The American Council on Education’s Race and Ethnicity in Higher Education report provides timely data about the continuing significance of race when it comes to enrollment and completion patterns of racially minoritized groups. Most notably, postsecondary institutions are becoming more racially and ethnically diverse (Espinosa et al. 2019). Latinx[1] students, in particular, are entering the nation’s colleges and universities at increasing rates, which also drives the growth in the number of institutions eligible for federal designation as Hispanic-Serving Institutions (HSIs).

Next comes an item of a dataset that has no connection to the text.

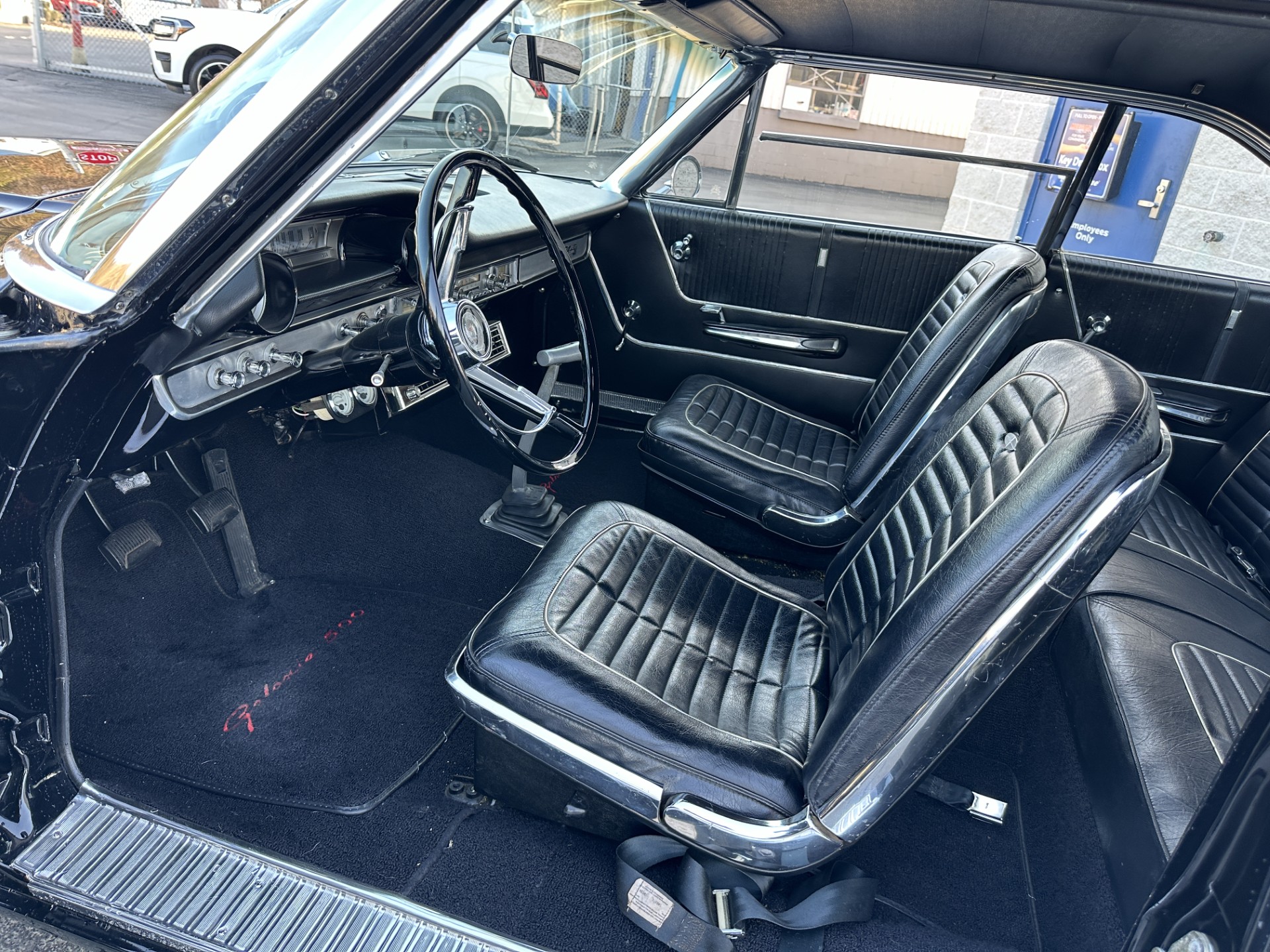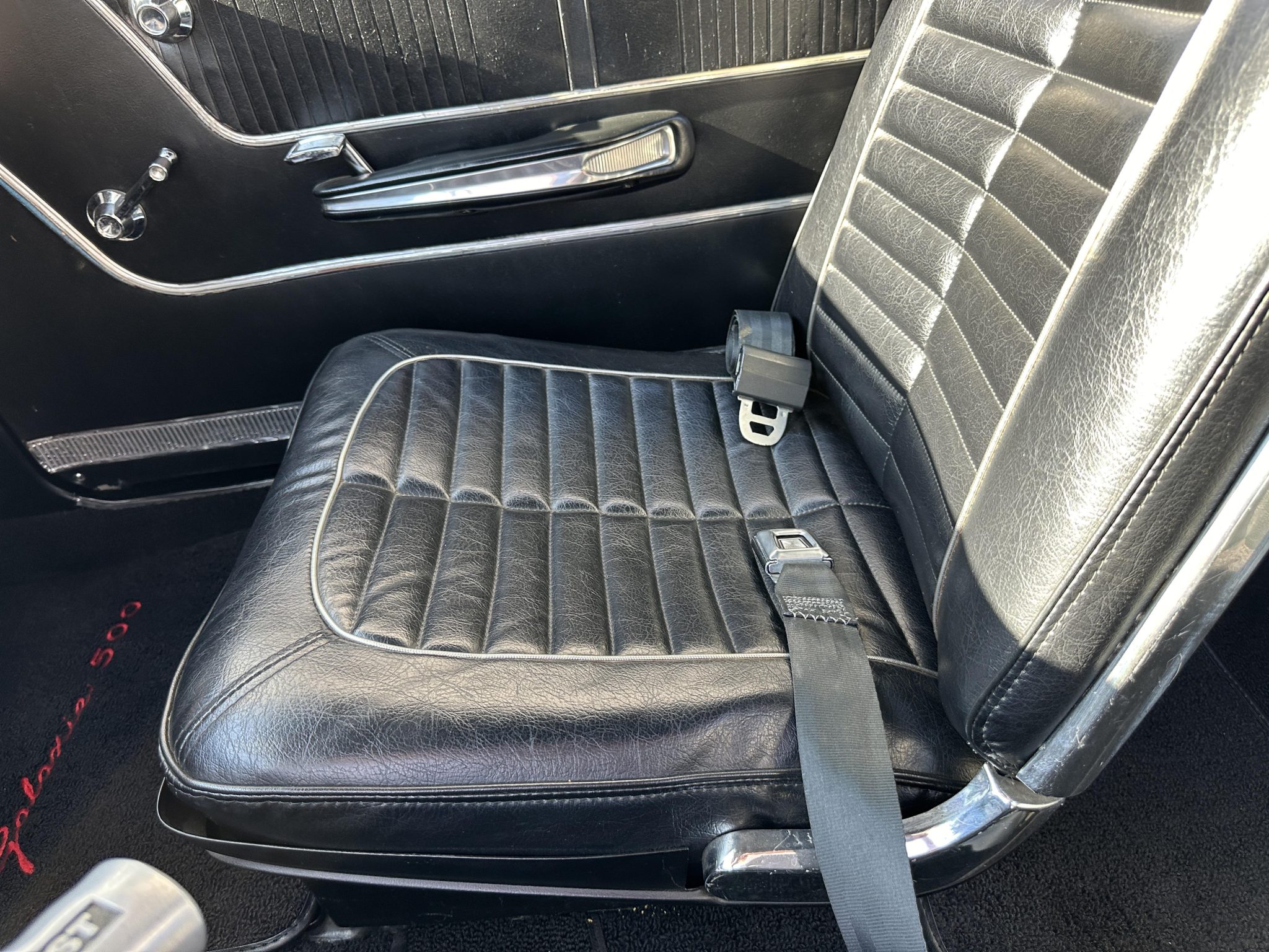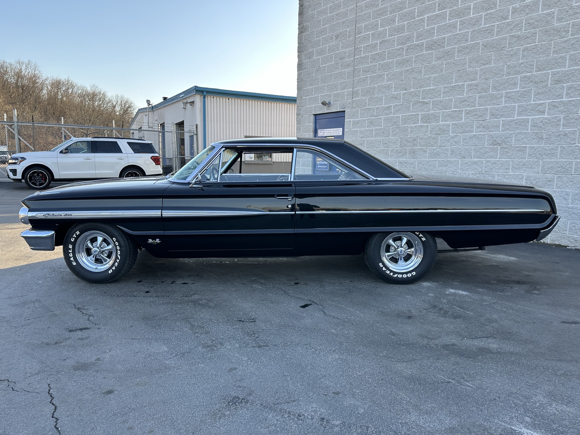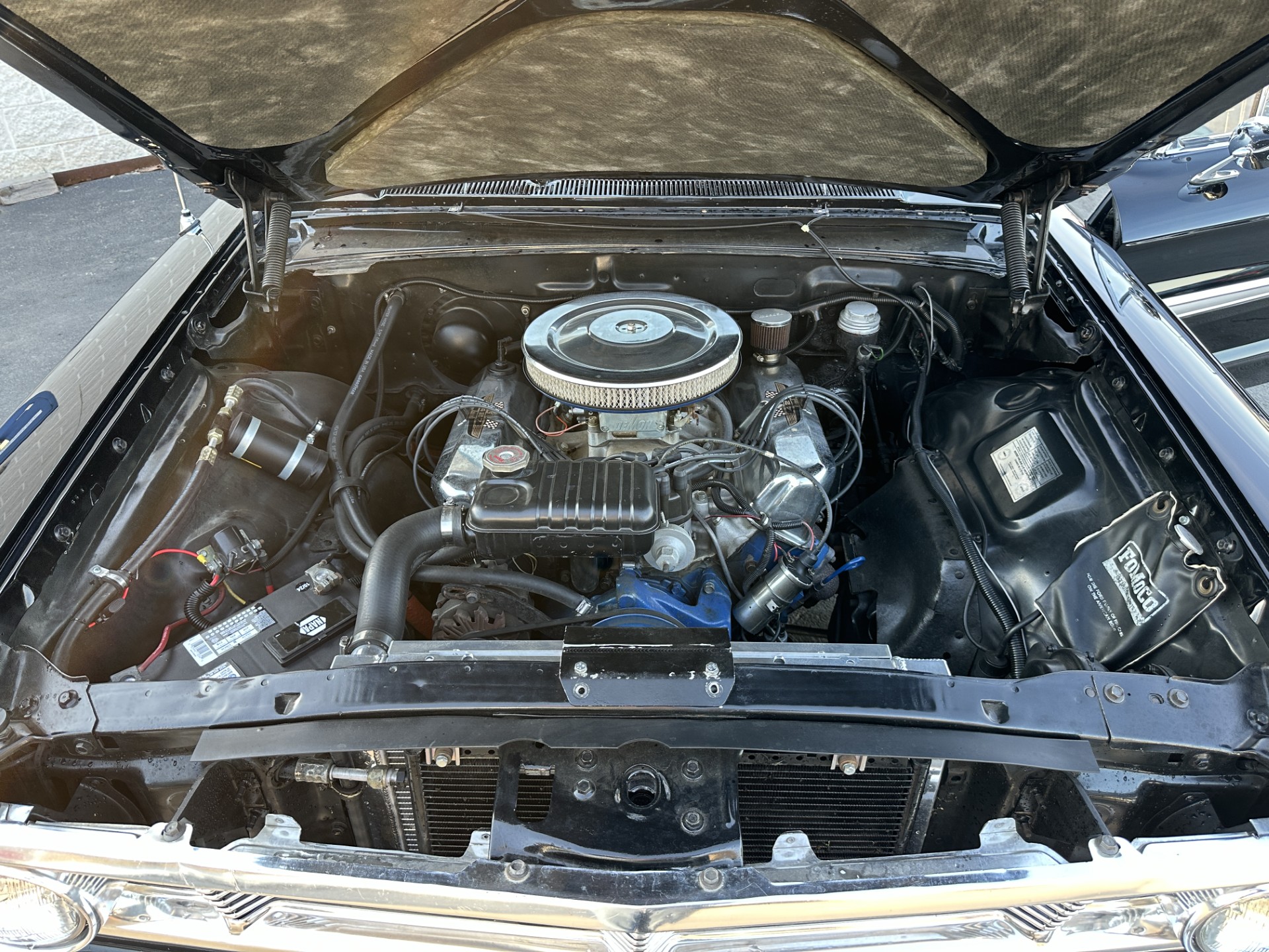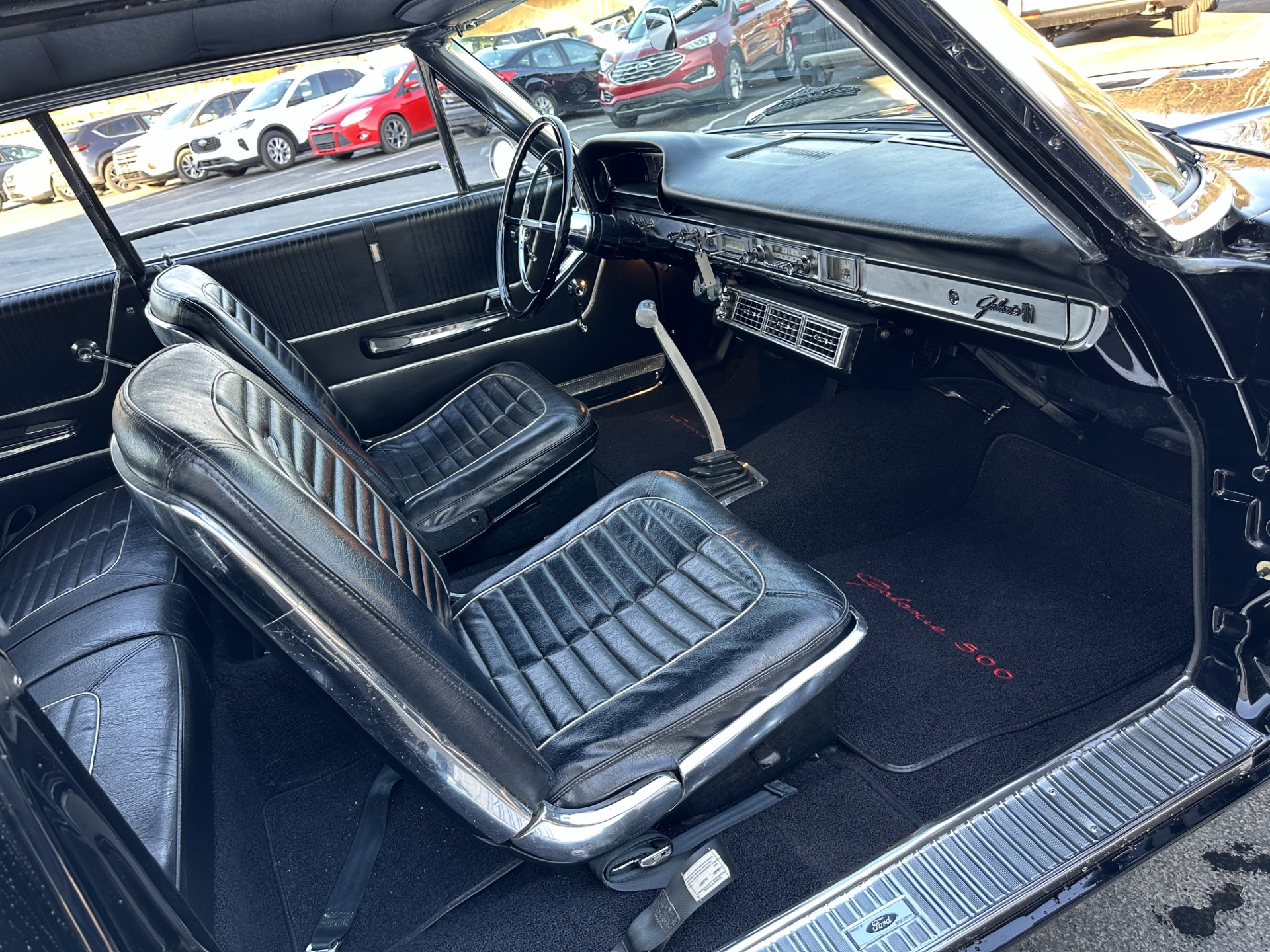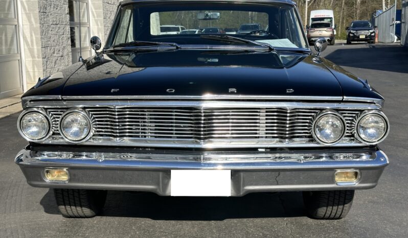 This 1964 Ford Galaxie 500XL hardtop was refurbished and modified in 1998 with work that included a repaint in black as well as the installation of a replacement bored and stroked 427ci V8 and a five-speed manual transmission. The interior features front bucket seats and a rear bench trimmed in black as well as a Hurst shifter, VDO auxiliary gauges, and an under-dash air conditioning unit. The car rides on 15″ Cragar S/S wheels mounted over drum brakes, and additional equipment includes an Edelbrock intake manifold, a Demon carburetor, a Flowmaster dual exhaust system, and an aluminum radiator with an electric fan.

HSIs not only represent the largest and fastest-growing share of minority serving institutions (MSIs) (National Academies of Sciences, Engineering, and Medicine 2019), but also enroll 66 percent of all Latinx students in the country (Excelencia in Education 2019).

Servingness is a concept that Garcia, Núñez, and Sansone (2019) argue is a multidimensional and conceptual way to understand what it means to move from simply enrolling Latinx students to actually serving them.

The federal government defines HSIs as nonprofit, degree-granting postsecondary institutions that enroll at least 25 percent undergraduate Latinx students.[2] By definition, HSIs also enroll a high concentration of low-income students (Santiago, Taylor, and Calderón Galdeano 2016). Yet there is no federal requirement for having a commensurate institutional infrastructure in place for serving these students, whose needs are different from traditional college-goers. As more colleges and universities become HSI-eligible, they must grapple with the best approaches for serving Latinx students in practice—what is referred to as “servingness” in this essay. Servingness is a concept that Garcia, Núñez, and Sansone (2019) argue is a multidimensional and conceptual way to understand what it means to move from simply enrolling Latinx students to actually serving them.

Defining Servingness Is Difficult

Defining servingness at HSIs is difficult because the HSI designation is based solely on an institution reaching a specific enrollment threshold of Latinx students, as defined through the Higher Education Act. The policy mostly defines HSIs by student descriptors (Latinx and low income) and provides little federal guidance for not just enrolling but serving the needs of these students. As such, HSIs themselves are most often the ones to define servingness in practice.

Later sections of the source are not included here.